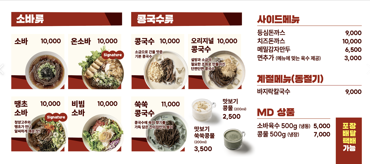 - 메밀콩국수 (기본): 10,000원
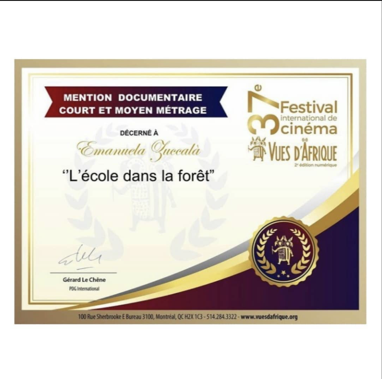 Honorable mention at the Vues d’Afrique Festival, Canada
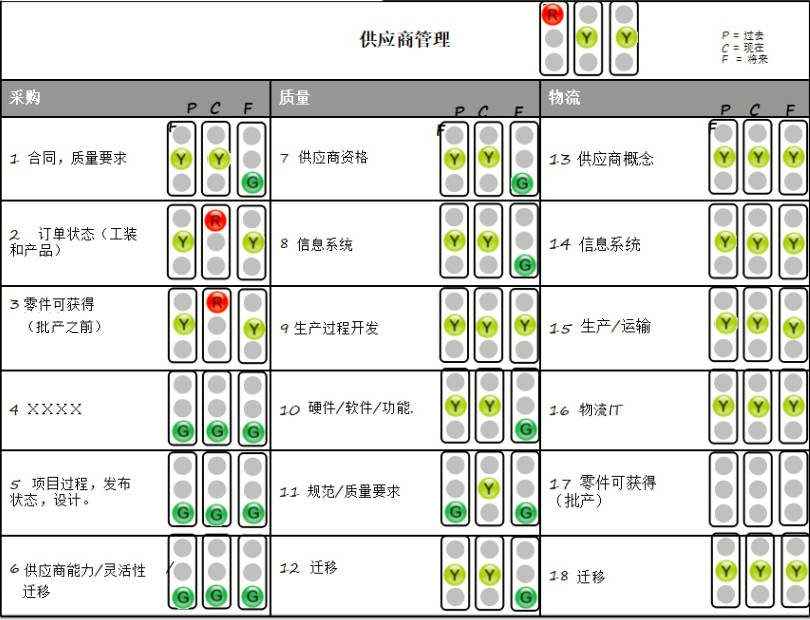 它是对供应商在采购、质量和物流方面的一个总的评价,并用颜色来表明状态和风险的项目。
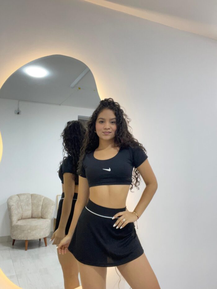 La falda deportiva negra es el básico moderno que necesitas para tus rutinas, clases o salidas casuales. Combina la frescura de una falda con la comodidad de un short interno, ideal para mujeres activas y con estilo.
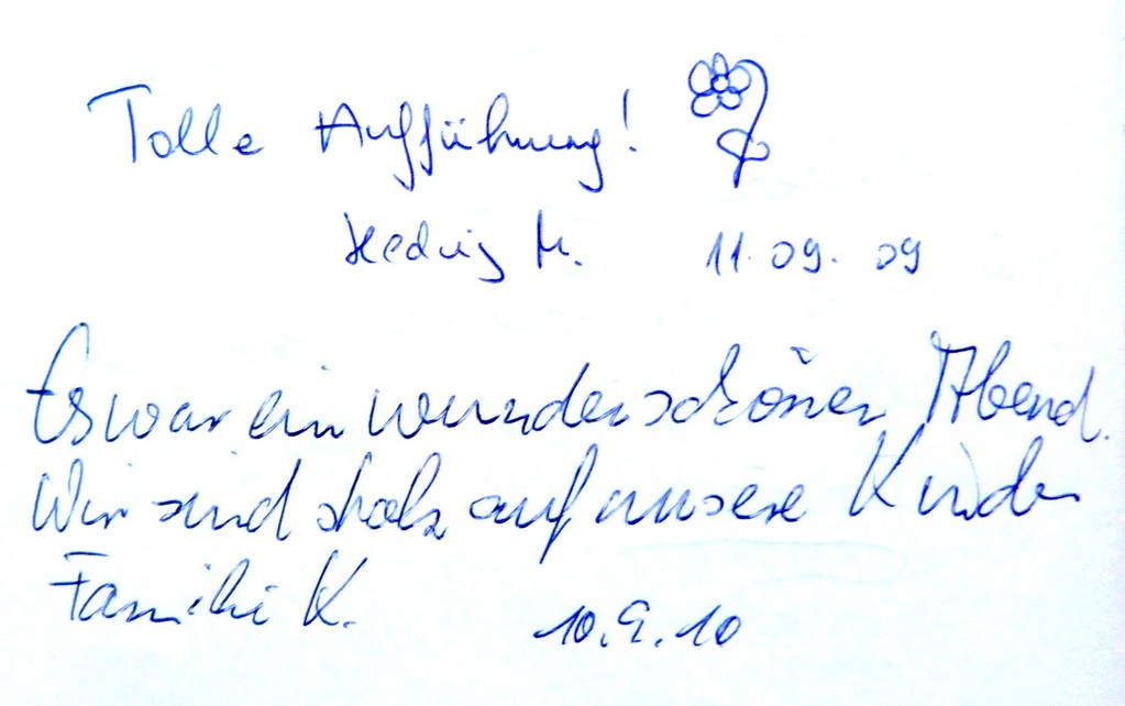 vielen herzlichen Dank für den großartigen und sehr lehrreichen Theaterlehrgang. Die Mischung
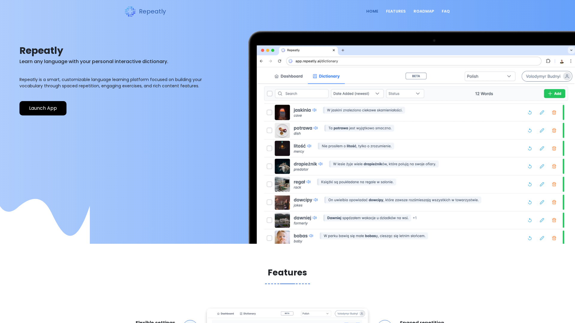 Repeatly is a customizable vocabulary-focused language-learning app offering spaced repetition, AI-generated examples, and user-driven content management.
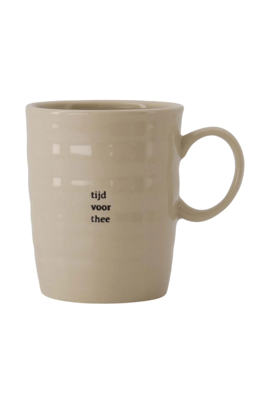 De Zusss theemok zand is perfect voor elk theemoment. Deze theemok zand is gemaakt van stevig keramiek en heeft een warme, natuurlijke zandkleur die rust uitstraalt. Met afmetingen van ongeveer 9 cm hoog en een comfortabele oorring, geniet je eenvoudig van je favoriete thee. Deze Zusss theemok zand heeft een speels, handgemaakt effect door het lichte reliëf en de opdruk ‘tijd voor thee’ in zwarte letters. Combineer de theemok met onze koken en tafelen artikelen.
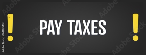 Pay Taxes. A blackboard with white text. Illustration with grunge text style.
******
Write out, word for word, the lines from the first line of the entries through the one containing "它是对供应商在采购、质量和物", both included. Leave out the pictures.

:: Exercise result ::
 - 메밀콩국수 (기본): 10,000원
 Honorable mention at the Vues d’Afrique Festival, Canada
 它是对供应商在采购、质量和物流方面的一个总的评价,并用颜色来表明状态和风险的项目。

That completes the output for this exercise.